▶ _How to complete this task_
Print the listing below verbatim, passing over each picture.

▶ _Data provided_

★ ★ ★ ★ ★ ★ ★

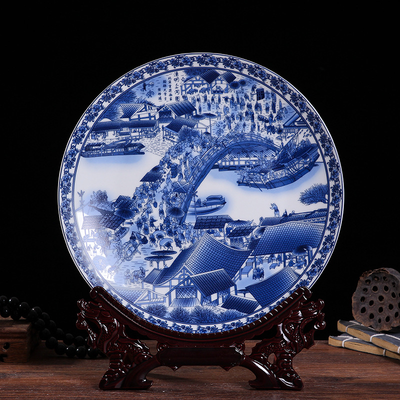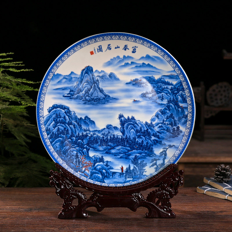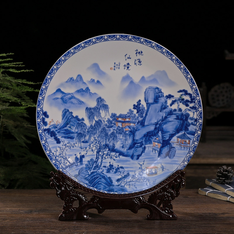 Jingdezhen 세라믹 도자기 접시 중국 가정 장식 파란색과 흰색 파스텔 접시 공예 선물 장식품 도매스토어 가기
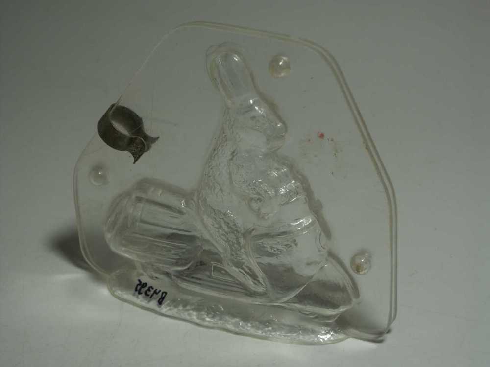 Suikerwerkvorm van gips in de vorm van een kip op ee...
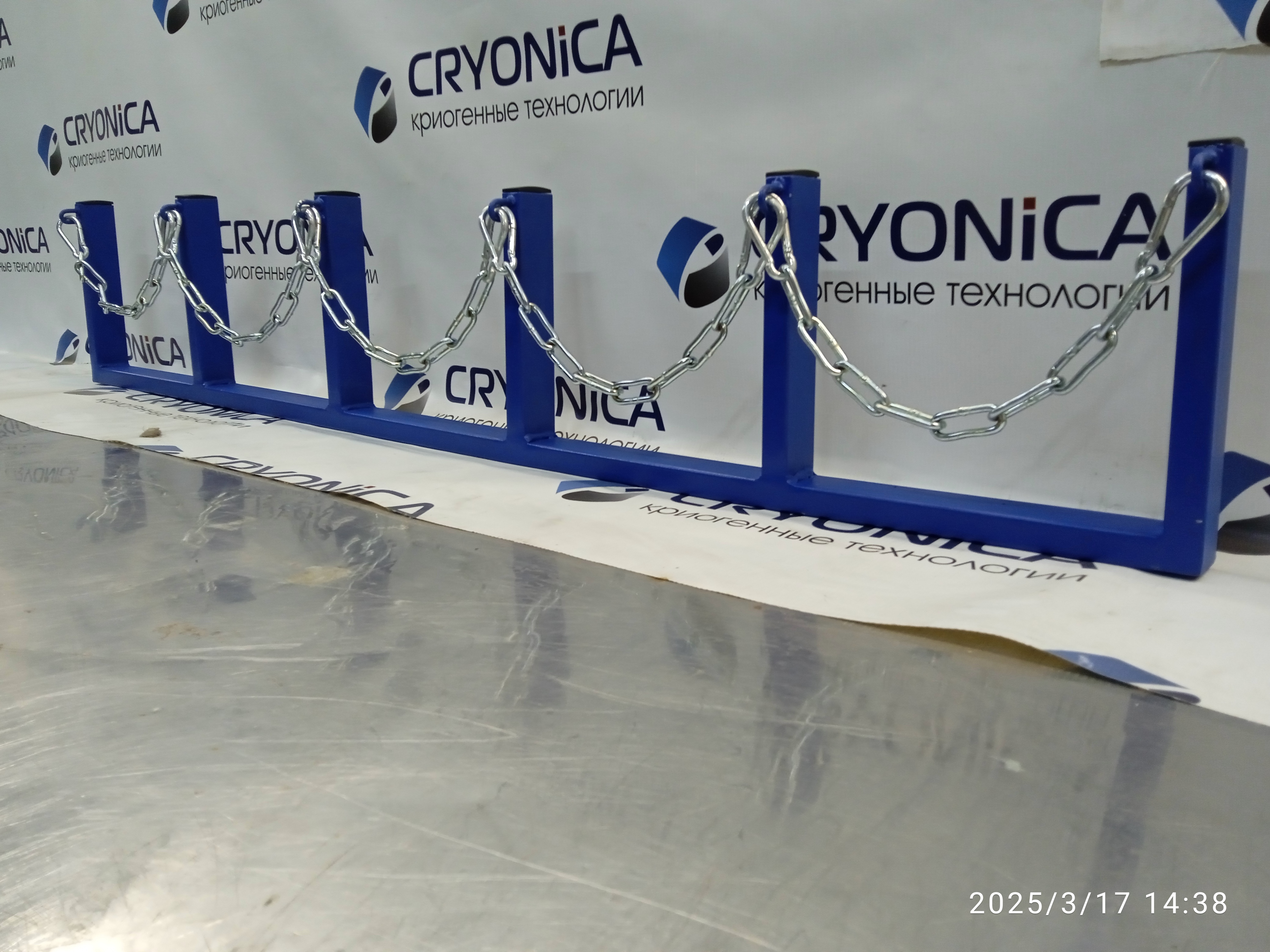 Ложемент для крепления к стене 5-ти баллонов 40 и 50 литров для кислородных (азотных, аргоновых) рамп (аналог КЕ 6802 000, КЕ 6801 000, КГ 6859 000, КГ 6861 000), котрые предназначенны для непрерывного централизованного снабжения потребителей техническими газами (азот, аргон, кислород, воздух, углекислота, водород, гелий) из сорокалитровых баллонов ГОСТ 949-73 под давлением до 20 МПа (200 кгс/см2). Ложемент выполнен их трубы 40х20х2, используется прочная длиннозвенная цепь и пожарные карабины №6. Изделие окрашено в 2 слоя высококачественной краской, создающей износостойкое покрытие.
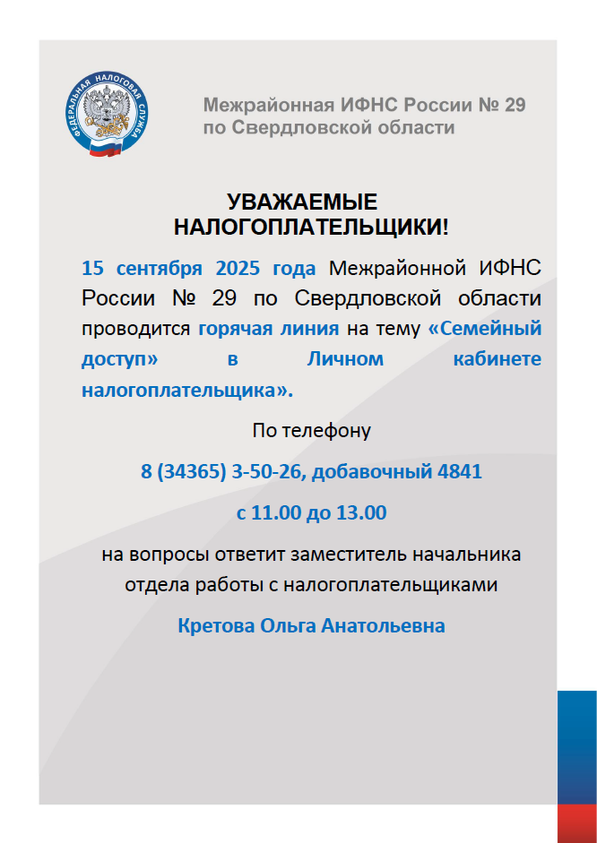 15 сентября 2025 года Межрайонной ИФНС проводится горячая линия на тему «Семейный доступ» в Личном кабинете налогоплательщика»

★ ★ ★ ★ ★ ★ ★

▶ _Reply to the exercise_
 Jingdezhen 세라믹 도자기 접시 중국 가정 장식 파란색과 흰색 파스텔 접시 공예 선물 장식품 도매스토어 가기
 Suikerwerkvorm van gips in de vorm van een kip op ee...
 Ложемент для крепления к стене 5-ти баллонов 40 и 50 литров для кислородных (азотных, аргоновых) рамп (аналог КЕ 6802 000, КЕ 6801 000, КГ 6859 000, КГ 6861 000), котрые предназначенны для непрерывного централизованного снабжения потребителей техническими газами (азот, аргон, кислород, воздух, углекислота, водород, гелий) из сорокалитровых баллонов ГОСТ 949-73 под давлением до 20 МПа (200 кгс/см2). Ложемент выполнен их трубы 40х20х2, используется прочная длиннозвенная цепь и пожарные карабины №6. Изделие окрашено в 2 слоя высококачественной краской, создающей износостойкое покрытие.
 15 сентября 2025 года Межрайонной ИФНС проводится горячая линия на тему «Семейный доступ» в Личном кабинете налогоплательщика»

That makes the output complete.